**Records to use:**
________________________

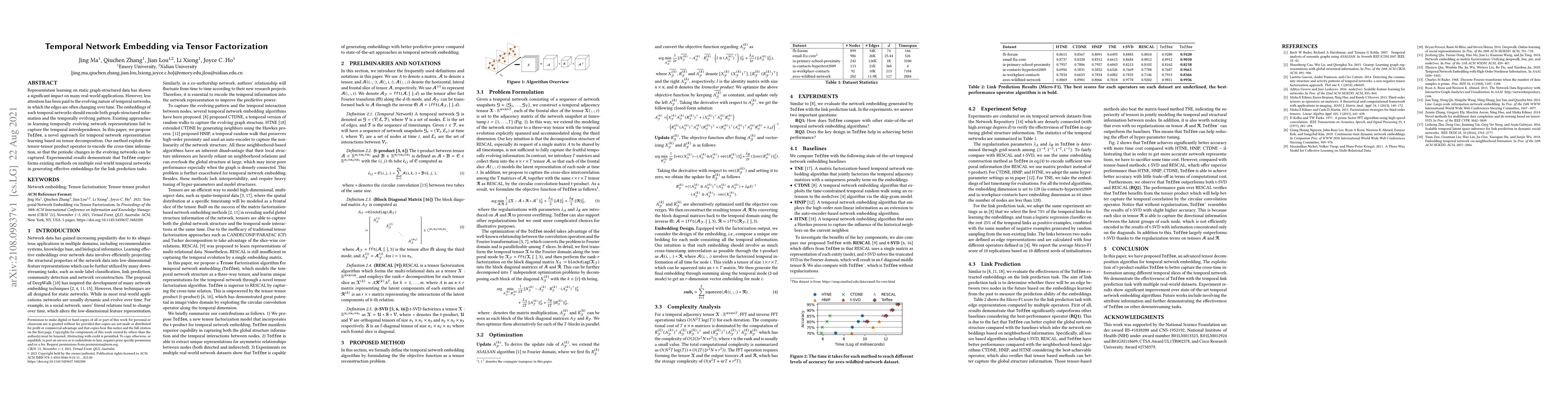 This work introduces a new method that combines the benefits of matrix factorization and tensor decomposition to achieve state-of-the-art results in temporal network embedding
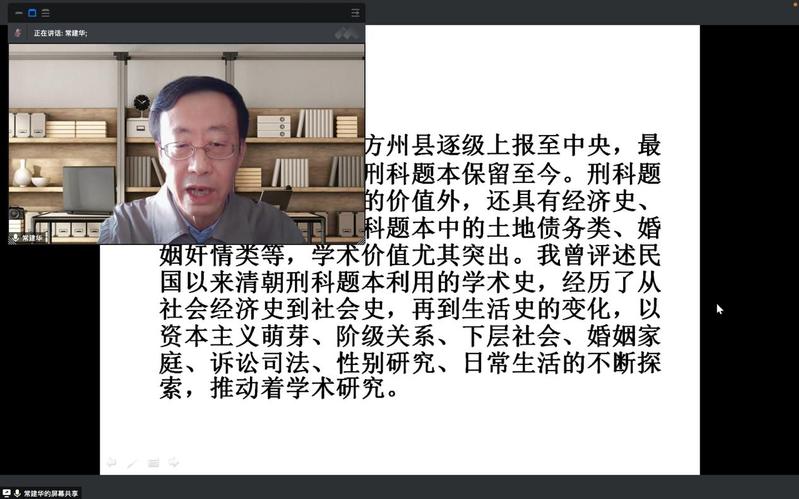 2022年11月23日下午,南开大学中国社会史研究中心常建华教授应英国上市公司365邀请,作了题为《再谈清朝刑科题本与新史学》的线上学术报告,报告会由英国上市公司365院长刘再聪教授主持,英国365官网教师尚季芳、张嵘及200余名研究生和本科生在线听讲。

________________________

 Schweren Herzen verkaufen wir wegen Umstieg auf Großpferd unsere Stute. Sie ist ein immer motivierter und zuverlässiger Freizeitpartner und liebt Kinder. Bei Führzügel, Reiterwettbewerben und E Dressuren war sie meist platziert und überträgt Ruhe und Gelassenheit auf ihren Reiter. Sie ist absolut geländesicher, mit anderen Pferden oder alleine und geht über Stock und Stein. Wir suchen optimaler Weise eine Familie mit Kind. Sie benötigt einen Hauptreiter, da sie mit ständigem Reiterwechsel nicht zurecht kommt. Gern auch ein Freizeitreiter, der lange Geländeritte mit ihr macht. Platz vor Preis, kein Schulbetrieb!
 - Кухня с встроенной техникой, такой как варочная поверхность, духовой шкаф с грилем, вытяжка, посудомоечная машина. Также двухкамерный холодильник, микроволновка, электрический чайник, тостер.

________________________

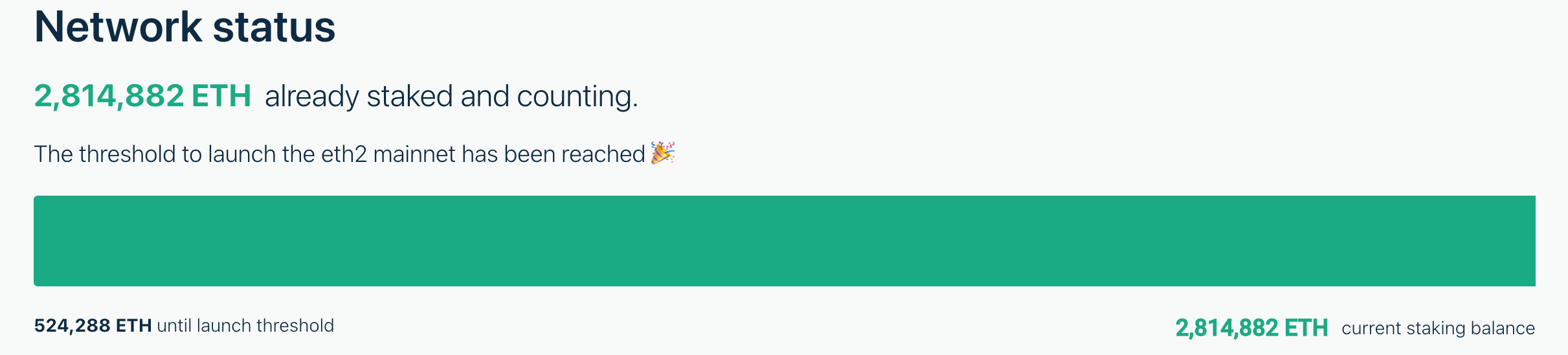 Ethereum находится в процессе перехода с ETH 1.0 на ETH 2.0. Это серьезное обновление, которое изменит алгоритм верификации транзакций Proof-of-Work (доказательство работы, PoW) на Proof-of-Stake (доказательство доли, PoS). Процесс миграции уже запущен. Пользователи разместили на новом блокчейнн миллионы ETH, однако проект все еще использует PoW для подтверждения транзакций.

________________________

**The problem:** Only one stretch of the entries above is needed: the lines from the one containing "This work introduces" through the one containing "2022年11月23日下午,南开大学中国". Copy it exactly, without the pictures.

**Solved problem:**
 This work introduces a new method that combines the benefits of matrix factorization and tensor decomposition to achieve state-of-the-art results in temporal network embedding
 2022年11月23日下午,南开大学中国社会史研究中心常建华教授应英国上市公司365邀请,作了题为《再谈清朝刑科题本与新史学》的线上学术报告,报告会由英国上市公司365院长刘再聪教授主持,英国365官网教师尚季芳、张嵘及200余名研究生和本科生在线听讲。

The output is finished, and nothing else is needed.